[[ RECORDS PROVIDED open ]]
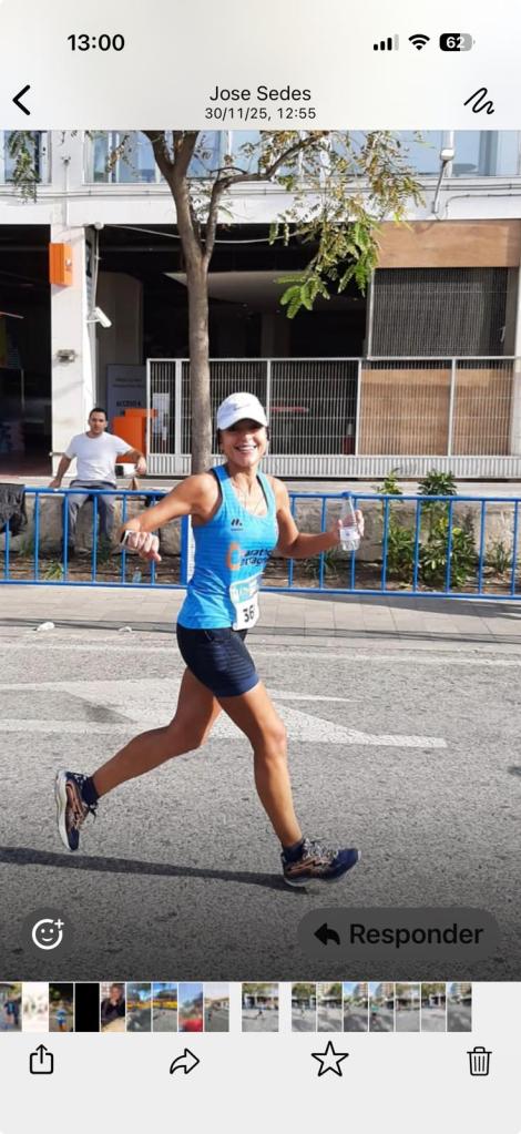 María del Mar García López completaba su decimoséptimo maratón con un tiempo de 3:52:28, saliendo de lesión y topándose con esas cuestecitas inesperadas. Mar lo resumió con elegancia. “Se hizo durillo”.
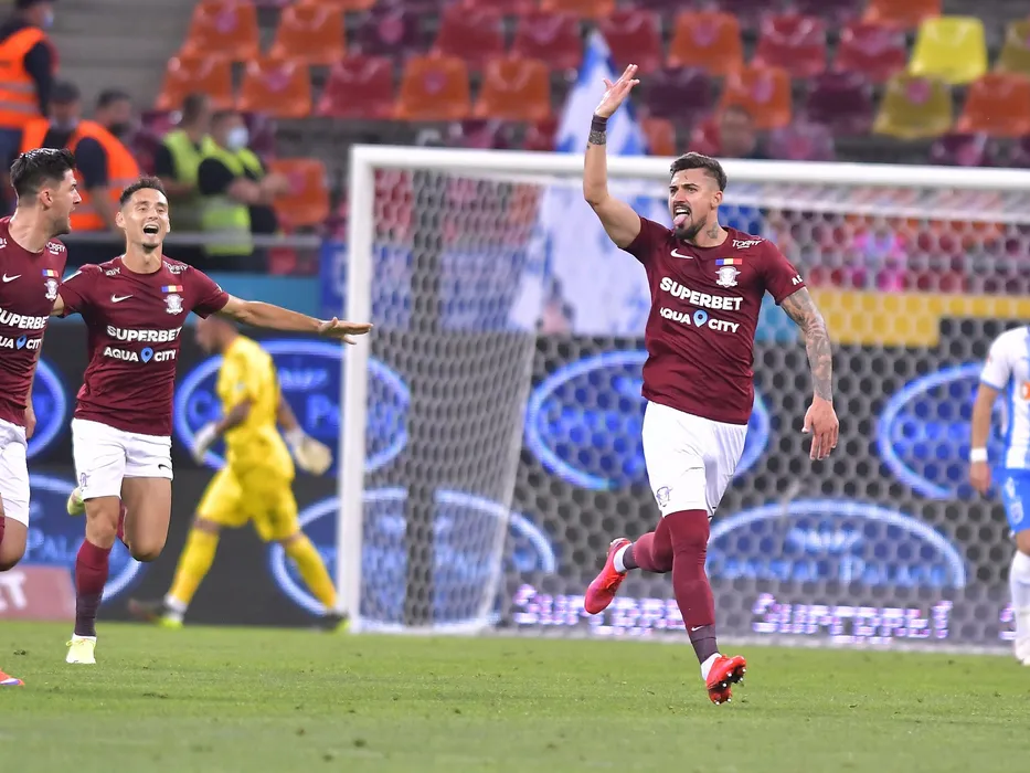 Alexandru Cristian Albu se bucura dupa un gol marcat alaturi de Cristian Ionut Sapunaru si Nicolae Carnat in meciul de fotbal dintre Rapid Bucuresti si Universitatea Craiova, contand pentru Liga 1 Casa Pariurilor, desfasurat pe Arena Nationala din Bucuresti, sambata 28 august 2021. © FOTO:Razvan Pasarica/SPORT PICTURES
[[ RECORDS PROVIDED closed ]]
[[ RECORDS PROVIDED open ]]
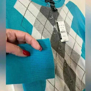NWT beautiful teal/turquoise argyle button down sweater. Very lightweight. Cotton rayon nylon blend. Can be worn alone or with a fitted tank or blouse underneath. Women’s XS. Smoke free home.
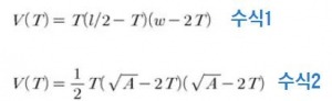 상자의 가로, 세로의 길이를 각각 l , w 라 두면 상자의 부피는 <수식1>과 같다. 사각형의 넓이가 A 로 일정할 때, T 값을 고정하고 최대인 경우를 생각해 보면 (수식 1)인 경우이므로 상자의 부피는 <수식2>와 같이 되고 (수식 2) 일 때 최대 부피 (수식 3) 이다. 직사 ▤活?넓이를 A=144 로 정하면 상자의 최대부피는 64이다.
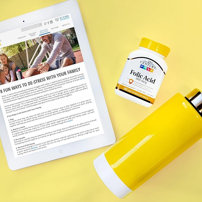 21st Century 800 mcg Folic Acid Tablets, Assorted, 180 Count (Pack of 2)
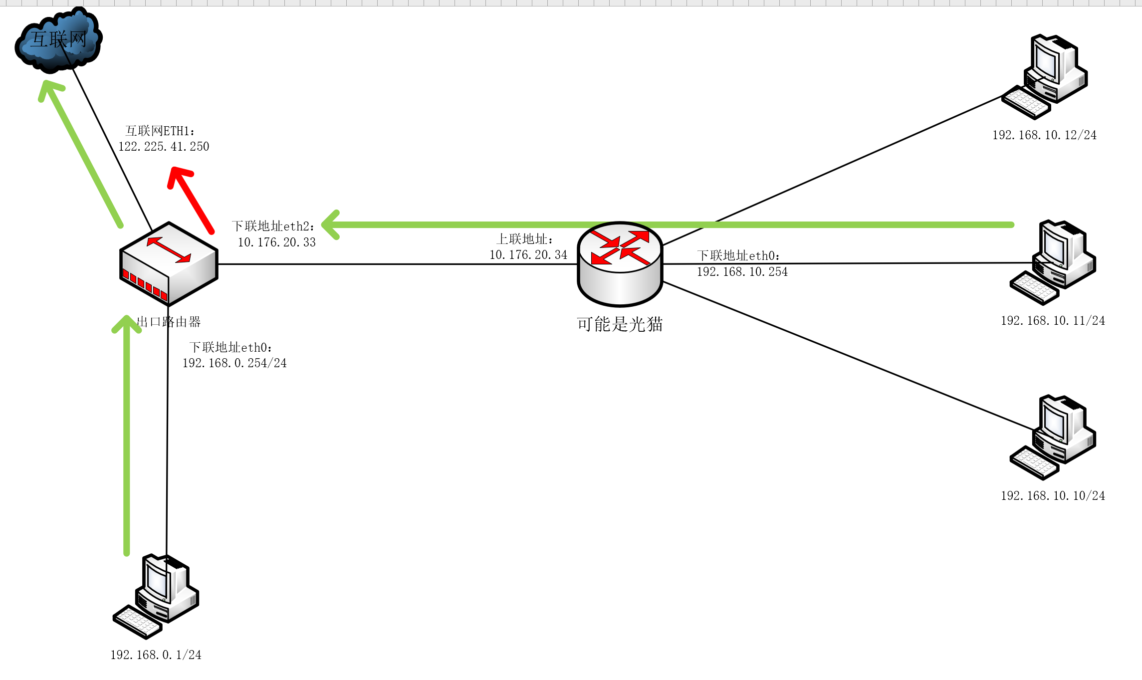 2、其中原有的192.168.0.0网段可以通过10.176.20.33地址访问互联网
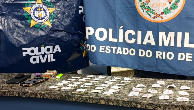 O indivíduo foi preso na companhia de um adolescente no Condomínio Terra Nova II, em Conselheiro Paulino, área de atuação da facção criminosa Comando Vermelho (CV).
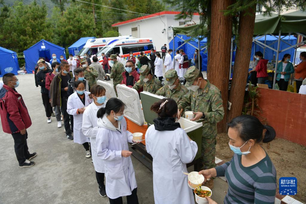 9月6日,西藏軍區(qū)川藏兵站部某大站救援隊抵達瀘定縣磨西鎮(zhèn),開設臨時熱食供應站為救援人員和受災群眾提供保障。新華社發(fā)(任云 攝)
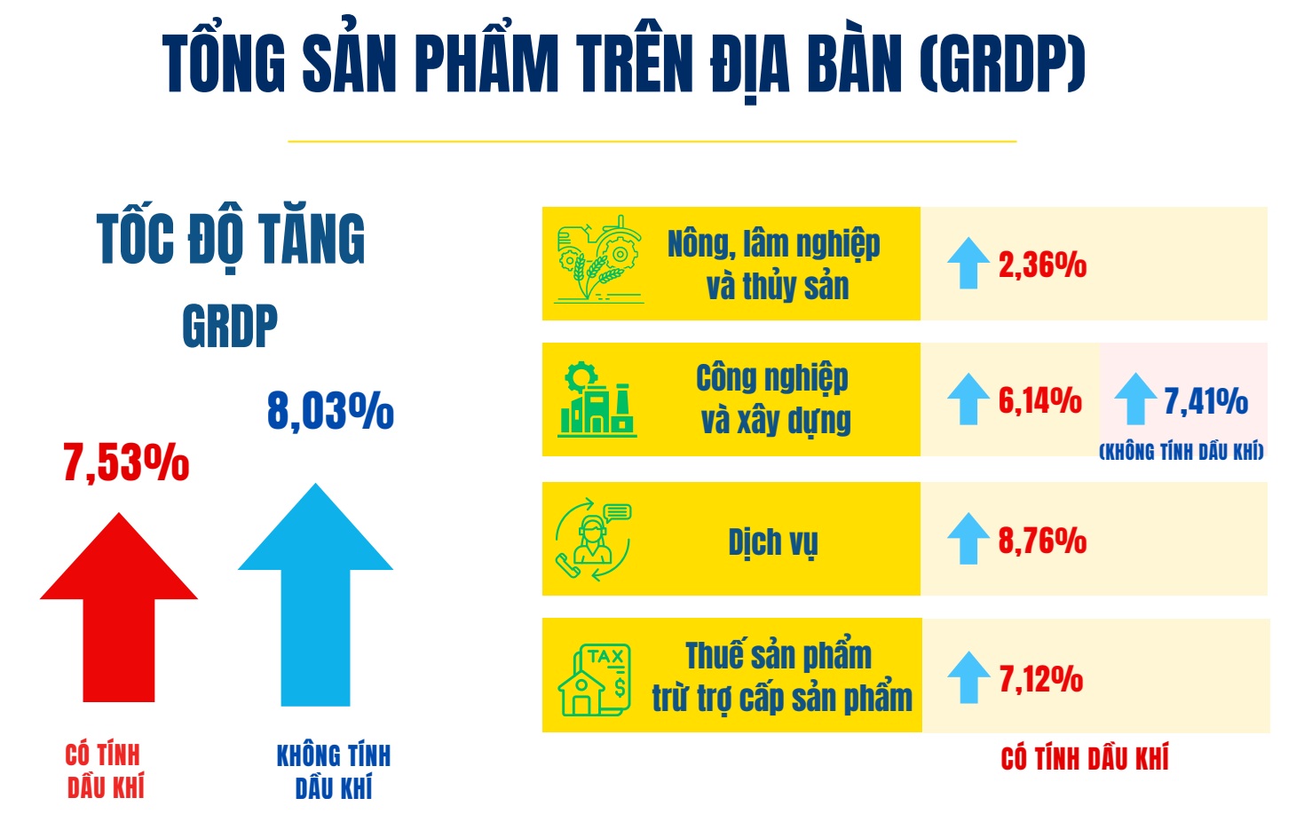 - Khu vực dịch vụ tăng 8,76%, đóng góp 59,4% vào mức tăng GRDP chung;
[[ RECORDS PROVIDED closed ]]
WHAT THE TASK ASKS: Begin at the line in the entries above that has "상자의 가로, 세로의", stop after the line that has "- Khu vực dịch", and output exactly those lines without pictures.

EXPECTED OUTPUT:
 상자의 가로, 세로의 길이를 각각 l , w 라 두면 상자의 부피는 <수식1>과 같다. 사각형의 넓이가 A 로 일정할 때, T 값을 고정하고 최대인 경우를 생각해 보면 (수식 1)인 경우이므로 상자의 부피는 <수식2>와 같이 되고 (수식 2) 일 때 최대 부피 (수식 3) 이다. 직사 ▤活?넓이를 A=144 로 정하면 상자의 최대부피는 64이다.
 21st Century 800 mcg Folic Acid Tablets, Assorted, 180 Count (Pack of 2)
 2、其中原有的192.168.0.0网段可以通过10.176.20.33地址访问互联网
 O indivíduo foi preso na companhia de um adolescente no Condomínio Terra Nova II, em Conselheiro Paulino, área de atuação da facção criminosa Comando Vermelho (CV).
 9月6日,西藏軍區(qū)川藏兵站部某大站救援隊抵達瀘定縣磨西鎮(zhèn),開設臨時熱食供應站為救援人員和受災群眾提供保障。新華社發(fā)(任云 攝)
 - Khu vực dịch vụ tăng 8,76%, đóng góp 59,4% vào mức tăng GRDP chung;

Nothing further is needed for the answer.